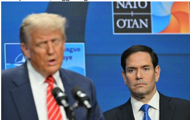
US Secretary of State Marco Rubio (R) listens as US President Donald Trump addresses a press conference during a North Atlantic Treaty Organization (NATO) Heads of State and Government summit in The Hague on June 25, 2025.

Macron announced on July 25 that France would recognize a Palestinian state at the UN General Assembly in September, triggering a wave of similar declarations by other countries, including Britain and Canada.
--
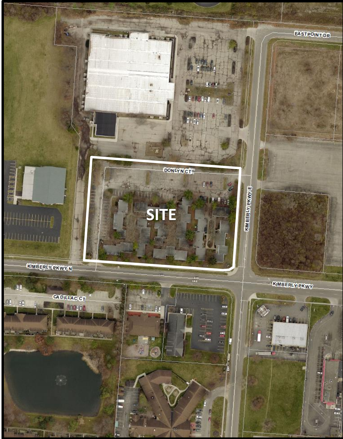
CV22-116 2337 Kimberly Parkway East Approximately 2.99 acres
--
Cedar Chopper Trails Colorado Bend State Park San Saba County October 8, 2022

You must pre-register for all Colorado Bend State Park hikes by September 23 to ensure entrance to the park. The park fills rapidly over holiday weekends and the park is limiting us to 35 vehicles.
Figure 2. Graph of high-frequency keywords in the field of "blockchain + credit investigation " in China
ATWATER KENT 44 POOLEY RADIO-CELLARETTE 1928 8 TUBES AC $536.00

## TASK DETAILS
Please return only the lines above, starting at the line that has "US Secretary of" and ending at the line that has "Macron announced on", keeping both and leaving each one unchanged.

## TASK OUTPUT
US Secretary of State Marco Rubio (R) listens as US President Donald Trump addresses a press conference during a North Atlantic Treaty Organization (NATO) Heads of State and Government summit in The Hague on June 25, 2025.

Macron announced on July 25 that France would recognize a Palestinian state at the UN General Assembly in September, triggering a wave of similar declarations by other countries, including Britain and Canada.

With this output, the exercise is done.